Vijftigschild et al, 2005; Syncera (2005); dit rapport

– bedrijven

112 000

144 000

176 000

Syncera (2005)

– woningbouwverenigingen

7 000

11 000

15 000

Syncera (2005)

– recreatie

1 000

1 500

2 000

Syncera (2005)

– verhardingen van land- en tuinbouwbedrijven

5 000

7 000

9 000

Syncera (2005)

     

Totaal (kg)

462 070

628 700

965 000

 

Vraag 7

Verstrekt u informatie aan verkopers en gebruikers over de nadelige effecten van het gebruik van RoundUp en glyfosfaat? Zo ja, op welke wijze? Zo nee, waarom niet?

Antwoord 7

Aangezien de beoordeling van de mogelijke effecten, bij gebruik volgens voorschrift, heeft geleid tot een toelating zonder onaanvaardbare risico’s voor mens, dier en milieu bij de voorgeschreven toepassing, is het niet noodzakelijk extra informatie aan verkopers en gebruikers te verstrekken (behalve de verplichte gevaarszinnen/pictogrammen).

Vraag 8

Acht u het wenselijk dat een middel met bovengenoemde zeer giftige effecten het meest gebruikt middel tegen onkruid is? Zo ja, kunt u dat toelichten? Zo nee, wat bent u van plan hiertegen te doen?

Antwoord 8

Landbouwkundig gezien is in Nederland de werkzame stof glyfosaat een belangrijk herbicide. De reden hiervoor is dat glyfosaat een breedwerkend middel is dat onkruiden doodt die op een andere manier moeilijk te bestrijden zijn. Ook buiten de landbouw wordt glyfosaat toegepast, bijvoorbeeld om het spoor of verhardingen onkruidvrij te houden. Het middel is in Nederland toegelaten en daarmee worden de risico’s voor milieu en volksgezondheid toelaatbaar geacht.

Vraag 9

Bent u, met inachtneming van het bovenstaande, voornemens om het gebruik van RoundUp en glyfosfaat te verbieden of in ieder geval sterk aan banden te leggen?

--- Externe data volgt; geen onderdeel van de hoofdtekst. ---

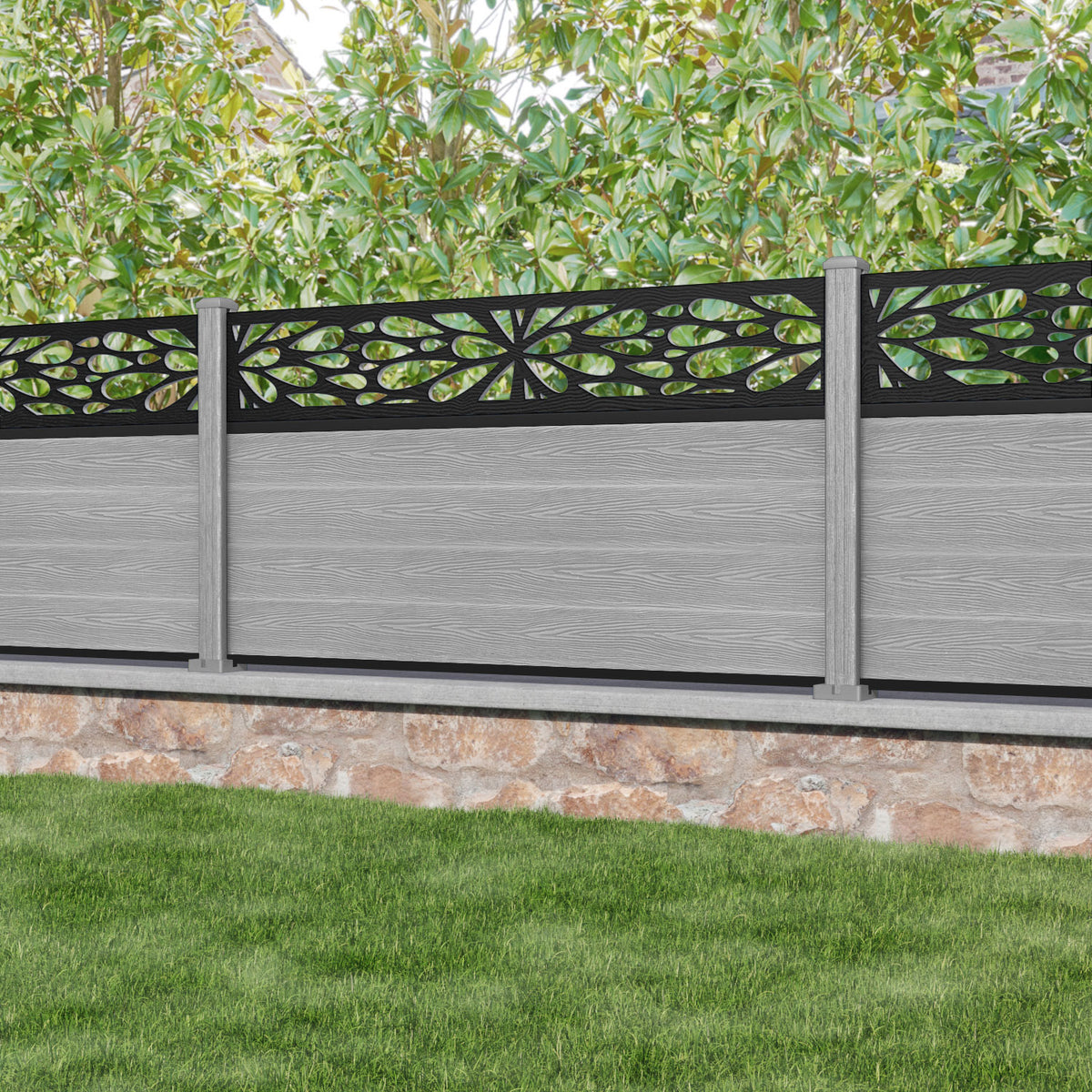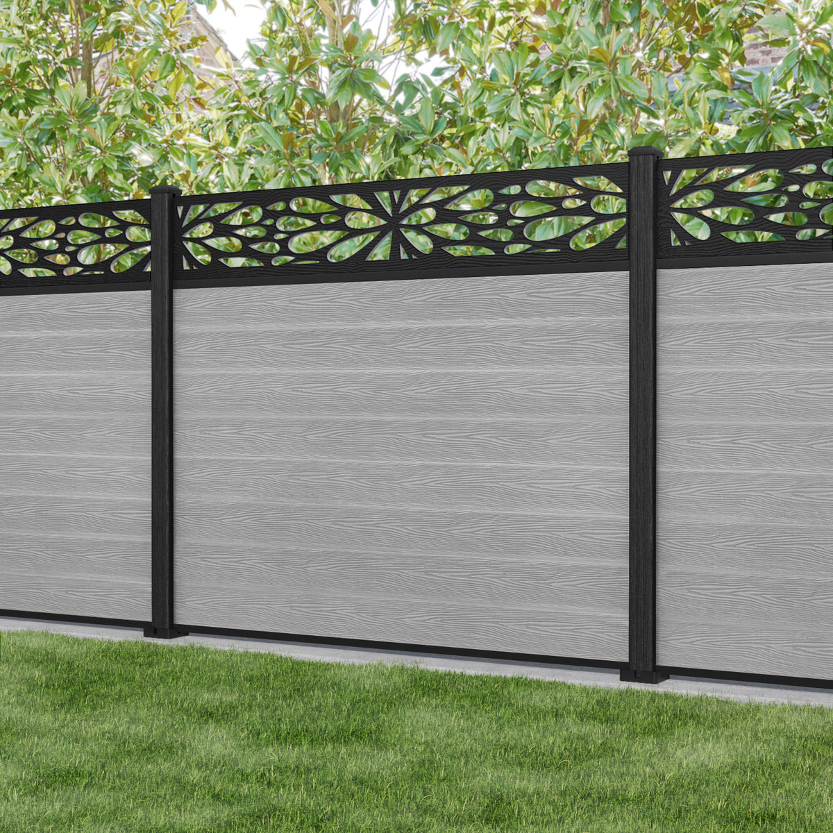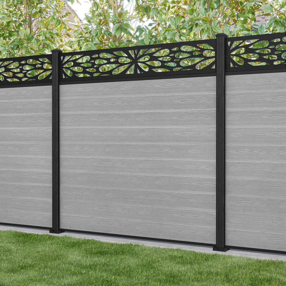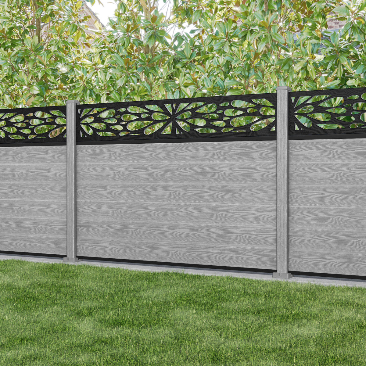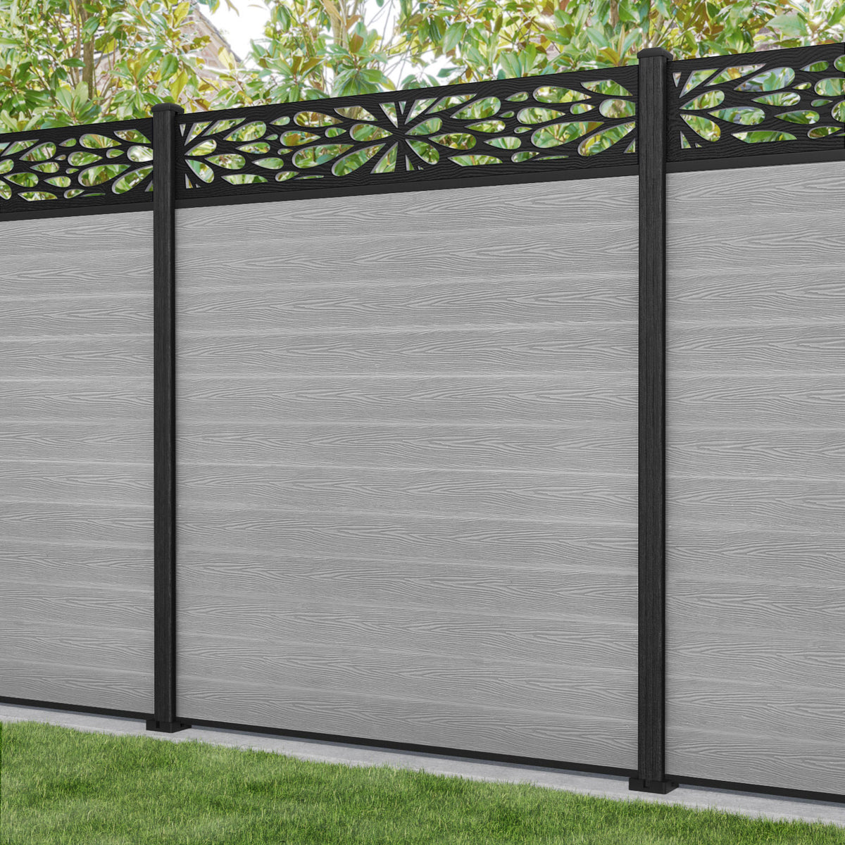 Classic Blossom Fence Panel - Light Grey - with our composite posts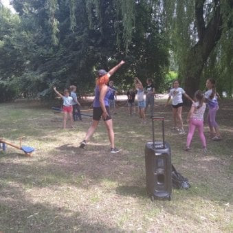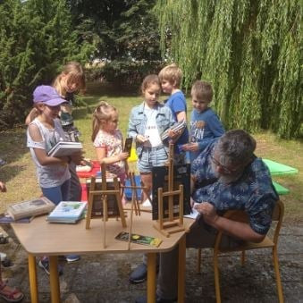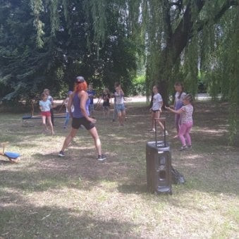 Spotkanie z Pawłem Wakułą autorem książek dla dzieci, multimedialna i interaktywna prezentacja dla dzieci ze strony https://szpiedzywiedzy.pl/ oraz zumba w ogrodzie. Uff.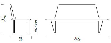 Bancheta 2 locuri cu sezut si spatar tapitat, platou din MDF vopsit 28mm, cadru si picioare metalice.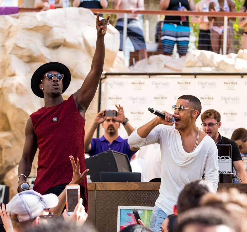 Norwegian singing duo Nico & Vinz performed at Rehab Pool Party at the Hard Rock Hotel on Sunday afternoon. The pair known for their his “Am I Wrong” kept the crowds entertained. Photographer Erik Kabik shared his best photos from the party.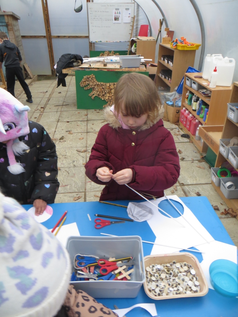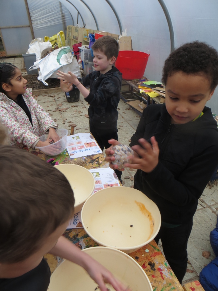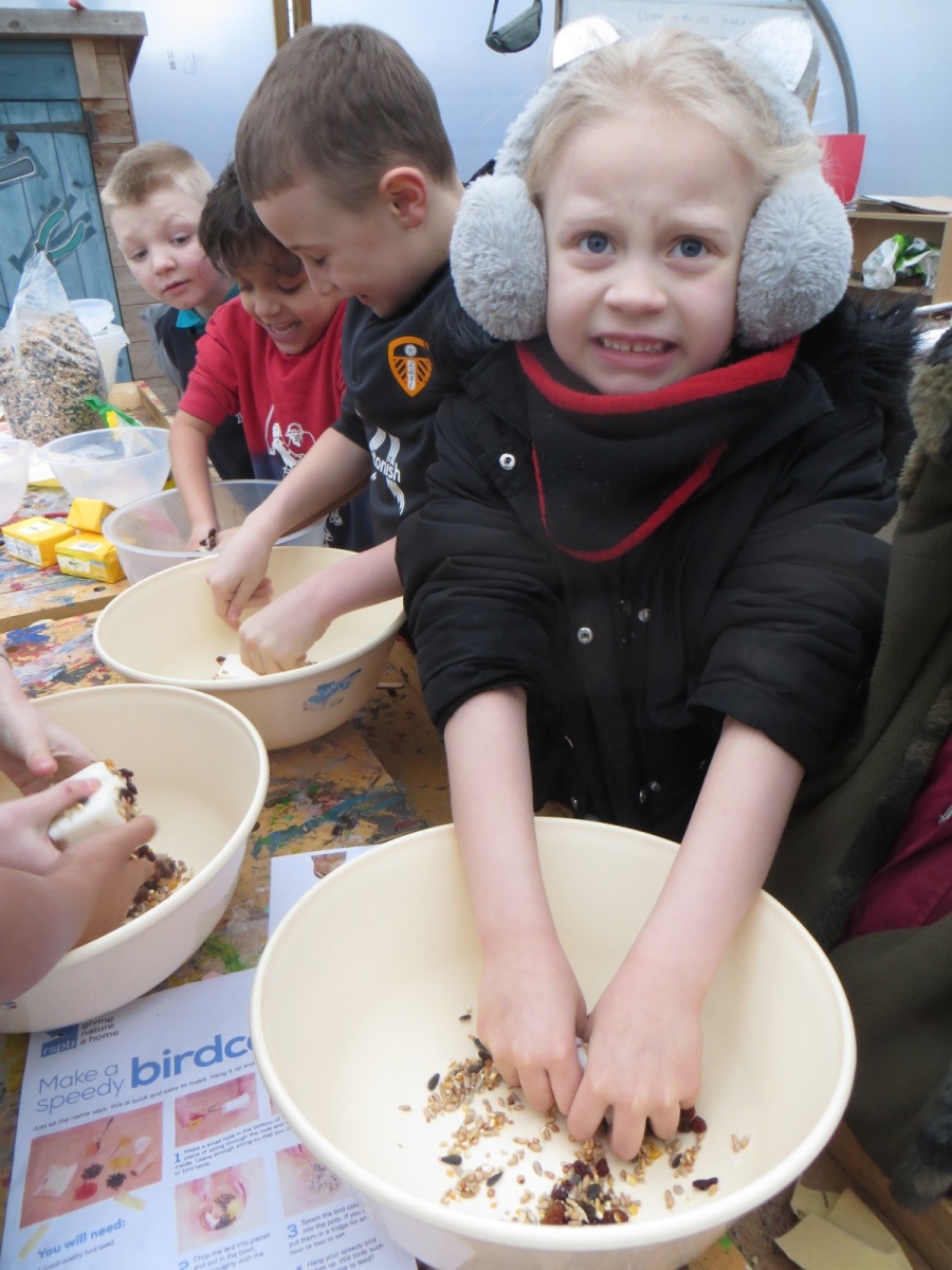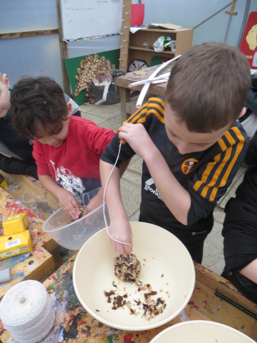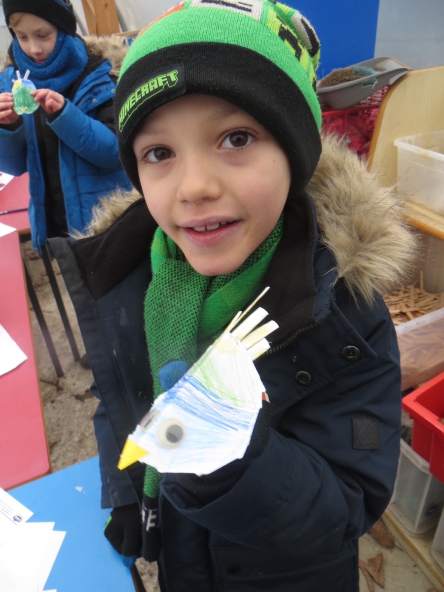 This weekend it is the RSPB’s 25th Big Garden Birdwatch and it’s the world’s largest garden wildlife survey. In preparation for this, KS1 pupils have been learning all about birds today in their Forest School sessions. Pupils have led their own learning by choosing to make bird cakes using lard, seeds, raisins and dried fruit with string attached to hang them from trees to feed our feathered friends an energy boosting snack. Pupils also made birds using cardboard, scissors, glue and pencil crayons. After carefully drawing round a bowl to give them a circular shape, children cut out their bird, coloured it in, created a beak using card and tail feathers using straws. Finally, children added eyes to their birds before creating their own stories and games involving them. The final activity involved learning about some common garden birds and their coloured markings. Pupils could choose one and do some mindful colouring either matching the colours of the bird to their picture or they could be creative and add their own colour scheme – we had some very bright and wonderfully coloured birds!

Zo ja, op welke wijze en termijn? Zo nee, waarom niet?

Antwoord 9

Nee. RoundUp, en andere gewasbeschermingsmiddelen met de werkzame stof glyfosaat, zijn, na beoordeling door het College toelating gewasbeschermingsmiddelen en biociden, toegelaten voor een aantal specifieke toepassingsgebieden. Dat betekent dat het risico voor mens, dier en milieu aanvaardbaar is. In algemene zin ben ik voorstander van geïntegreerde gewasbescherming waarbij pas chemische middelen worden ingezet als andere methoden tekortschieten.


XNoot
1

GM Watch, Groundbreaking study shows Roundup link to birth defects, 16 september 2010.